"Not Small Talk."

Friday, June 26, 2009

The Life of Marcus Antonius


He's a puzzling character, Mark Antony, but I've got at least one thing figured out: he's a general, not a politician. Sure, he ends up in control of a third of the Roman empire -- and he has, for a moment at least, a shot at the whole thing, though it seems doubtful that he would know what to do with it or even want it if he had gotten it. What can we say with certainty about Antony?

First of all, Antony has a great capacity for loyalty, though his own sense of allegiance may not always correspond directly with his sworn word. He stays loyal to Julius Caesar, even after Caesar's murder, when it seems that the conspirators clearly have the upper hand and there could be no advantage in remaining loyal to Caesar. He stays loyal to Cleopatra, even though he is married to another woman at the time -- the true bond is to his mistress, not to his wife. Along similar lines, he pledges himself to Octavius Caesar, then without delay breaks his word because he desires to go back to Cleopatra. His loyalty to her trumps his loyalty to Octavius Caesar.

Second, Antony uses rhetoric to advance his cause after Caesar's assassination, this cause being not so much to develop his own claim to power (he makes no such claim) but to undermine the claim to power of the conspirators.

Third, Antony bears a fondness -- a weakness, perhaps -- for revelry (referred to but not seen in Julius Caesar, but playing a stronger role in Antony and Cleopatra). He is a man of war -- a leader of men, certainly -- but a solider, not a statesman. When on the battlefield, he commands; when off the battlefield, he succumbs to simple pleasures.

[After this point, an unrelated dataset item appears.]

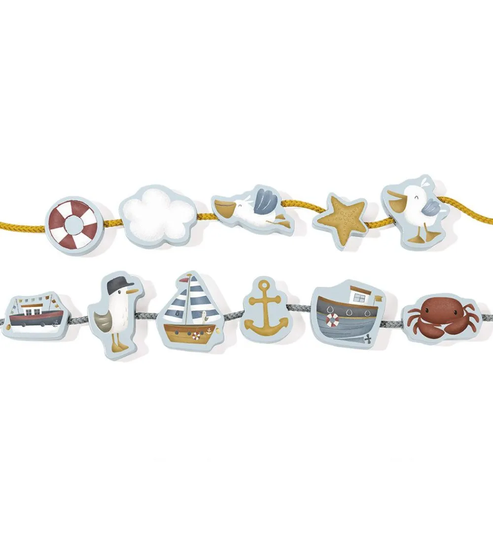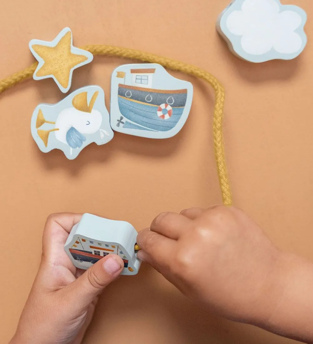 Little Dutch aktivitetslegetøjet består af 2 snore og 11 små figurer. I alle figurene er der et hul i hver ende, så snorene kan trækkes igennem alle figurene. Barnet træner herved sin finmotorik og koncentrationsevne. Med aktivitetslegetøjet er der lagt op til mange timer med leg, hvor barnet kan udfolde sig kreativt.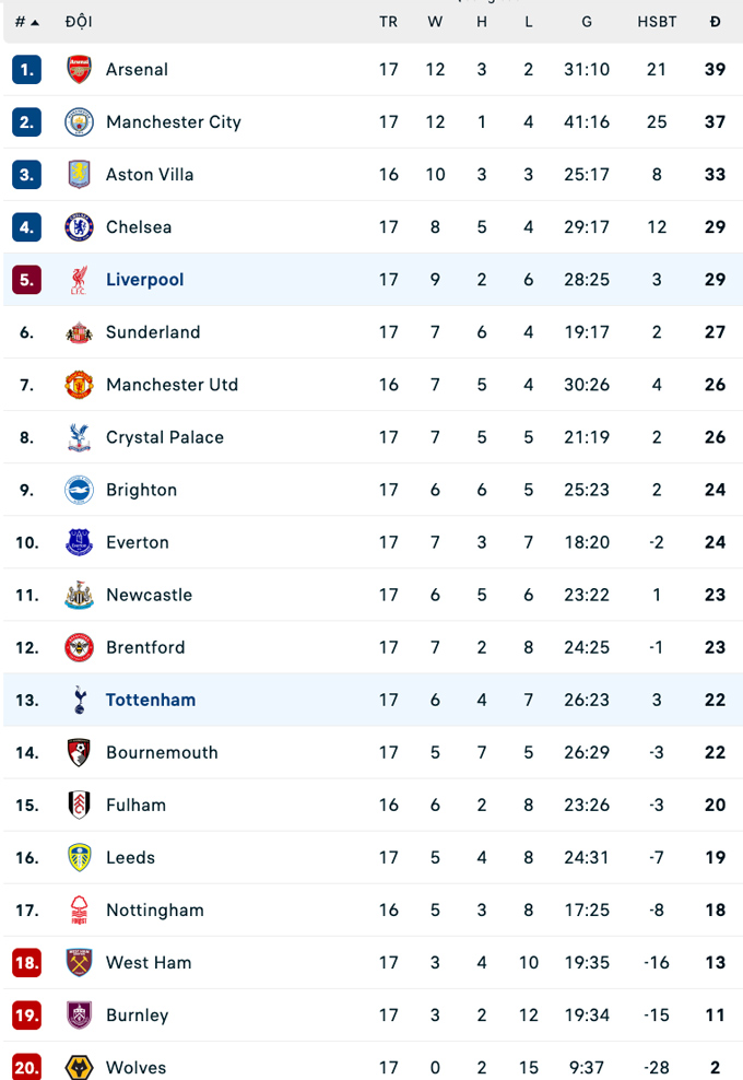 Chung cuộc, Liverpool giành chiến thắng với tỷ số 2-1 và leo lên vị trí thứ 5 trên BXH. Họ bằng điểm với Chelsea nhưng xếp dưới do kém hơn về hiệu số. Trong khi đó, Tottenham đứng thứ 13.

Fourth, Antony is not a man without feeling, witnessed in his reaction to Julius Caesar's assassination and in his love for Cleopatra, which is fully in keeping with pre-modern/classical notions of romantic love as an all-consuming passion.

Finally, for all of these reasons Antony is out of place as a triumvir. It is the sum of these qualities -- not merely his love for Cleopatra -- that is the true cause of his eventual downfall.

It seems almost, at first, that the Antony of Julius Caesar is not the same as that of Antony and Cleopatra, that Shakespeare might have intended the two plays to stand independent of each other, but before too long it becomes clear that we are dealing with the same character in both plays. The Antony of JC responds to one set of circumstances that he faces, and the Antony of A&C -- a little older, a little more wearied of politics -- responds to another set of them.

In summarizing Antony's character, it's hard not to think of Brando as the perfect embodiment of him. It's been a few years since I've seen that 1950s version of Julius Caesar, and truth be told I can't remember how well Brando portrayed Antony, but the idea of Brando is right for it: tough, muscular (as Brando was at the time), instinctive but also calculating, brutish but also intelligent, masculine yet not without sensitivity. In short, Antony is a typically compelling Shakespearean figure, complex and ambiguous, sometimes self-contradictory, but altogether human. The fact that he bows out of his own tragedy in Act IV and leaves it to Cleopatra to carry on is a stroke of genius on Shakespeare's part: we come to understand in Act V the spirit of the Queen, the spirit that moves Antony to love her, and through her defiance of Octavius Caesar she becomes one of the strongest woman characters to ever carry a fifth act.